El corazón de Elliana se llenó de culpa al mirar a los grandes ojos llenos de lágrimas de Natasha, pero simplemente se dio la vuelta, sin querer mirar a la chica.
Las manos de Marcello se cerraron en un puño. Miró a Glow, quien todavía miraba a Elliana como si esta humana fuera su dios.
Él no podía creerlo.
La chica de la que se había enamorado era tan ciega que ni siquiera podía ver que esa humana a la que adoraban, ahora estaba humillando y acosando a una de las suyas.
Se giró para mirar a Misha, quien era la más inocente y suave de las chicas. Sin embargo, cuando vio que aunque Misha también lloraba, no hacía ningún movimiento para acercarse a Elliana y detenerla, sintió que algo estaba mal.
—Waa waaa, waaa, waaa —Natasha intentó captar la atención de Elliana de nuevo con su voz quebrada.
No funcionó. Nada funcionaba.
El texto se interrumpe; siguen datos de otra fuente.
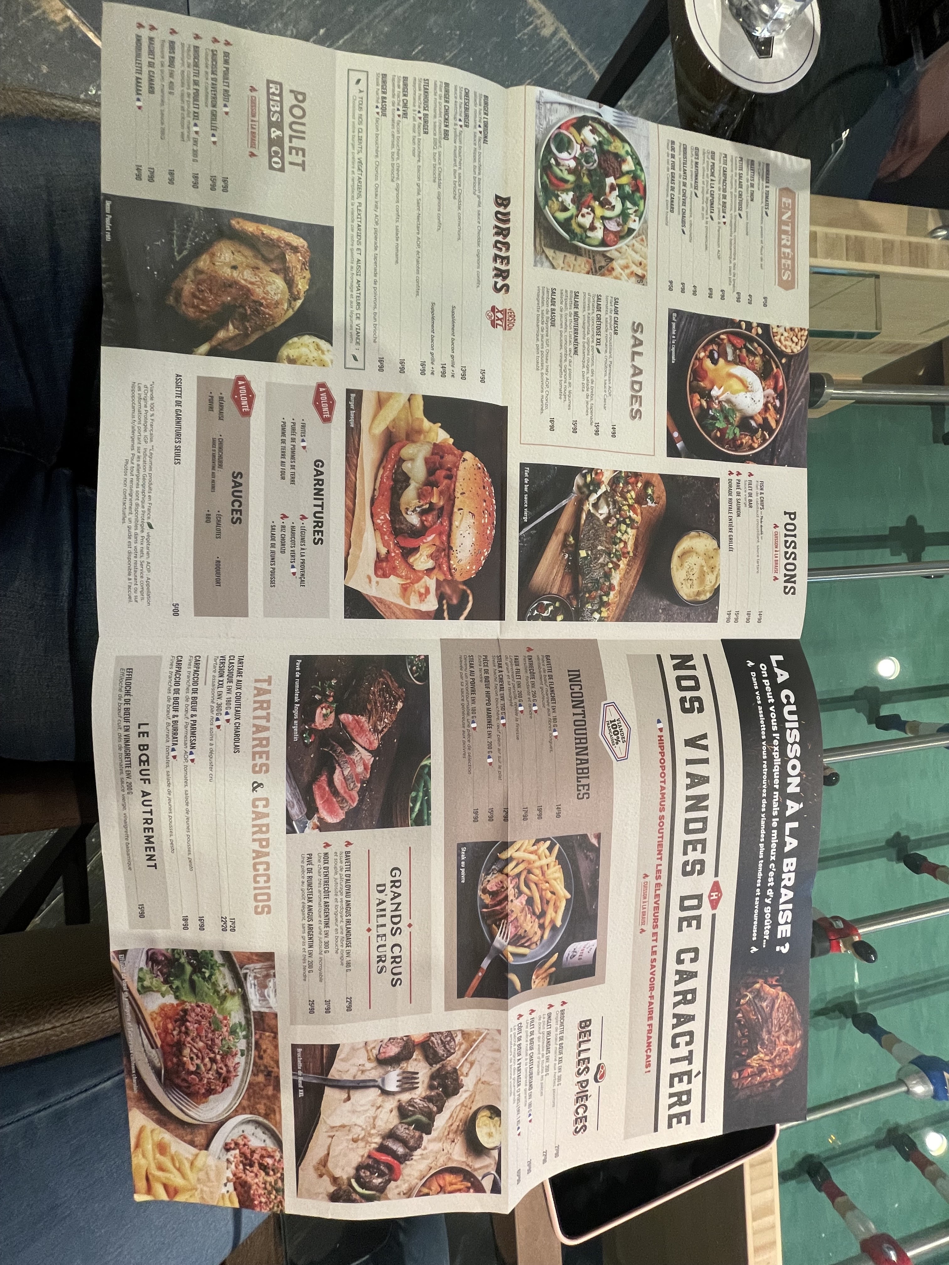J’avais écris une review mais elle a été supprimée alors par flemme je vais revenir sur les points positifs et négatifs. Positif : - Bon - table super sympa (cf photo) - bonne ambiance - jolie déco Négatif : - oubli de ma sauce pour les frites - Serveuse vraiment insistante pour consommer - portions très correctes mais j’aurais aimé un peu plus pour 17€ Globalement je recommande !

Natasha miró a sus amigos que estaban frente a Elliana para ayudarles a comunicar el mensaje.
—Por favor, al menos escúchala una vez —dijo Marcello y Elliana se burló.
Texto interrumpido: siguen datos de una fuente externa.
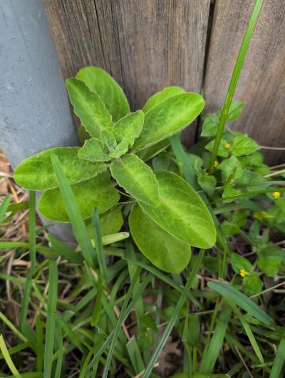 Asclepias oenotheroides, Zizotes Milkweed, emerging from our fenceline
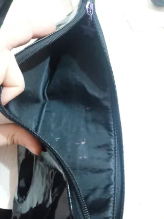 Práctico neceser o bolsa para maquillaje. - Diseño moderno y brillante. - Cierre de cremallera. - Incluye un pequeño adorno en forma de estrella. De marca china, salvo por ciertas manchas de maquillajeen el interior, está completamente como nuevo

Después de lo que pareció una eternidad, pero solo fueron unos segundos, Elliana finalmente miró hacia abajo a la chica postrada antes de que se inclinara y agarrara sus mandíbulas.
—¿Escucharla? ¿Qué puedo escuchar? ¿Pueden decir algo? —preguntó Elliana.
Marcello, que estaba intentando entender a Elliana y ver también su punto de vista, se congeló en su lugar y sus ojos se volvieron inmediatamente fríos.
¿Ella simplemente no respetaba a cada chica que estaba aquí, incluyendo a Glow, cierto?
Ya había tenido suficiente. Tomó una profunda y calmada respiración y estaba a punto de hablar más cuando Elliana continuó.
—¿Puede alguien decir y darme alguna razón por la cuál cada vez que son atrapados o están en problemas, su primer instinto es querer suicidarse? —preguntó Elliana.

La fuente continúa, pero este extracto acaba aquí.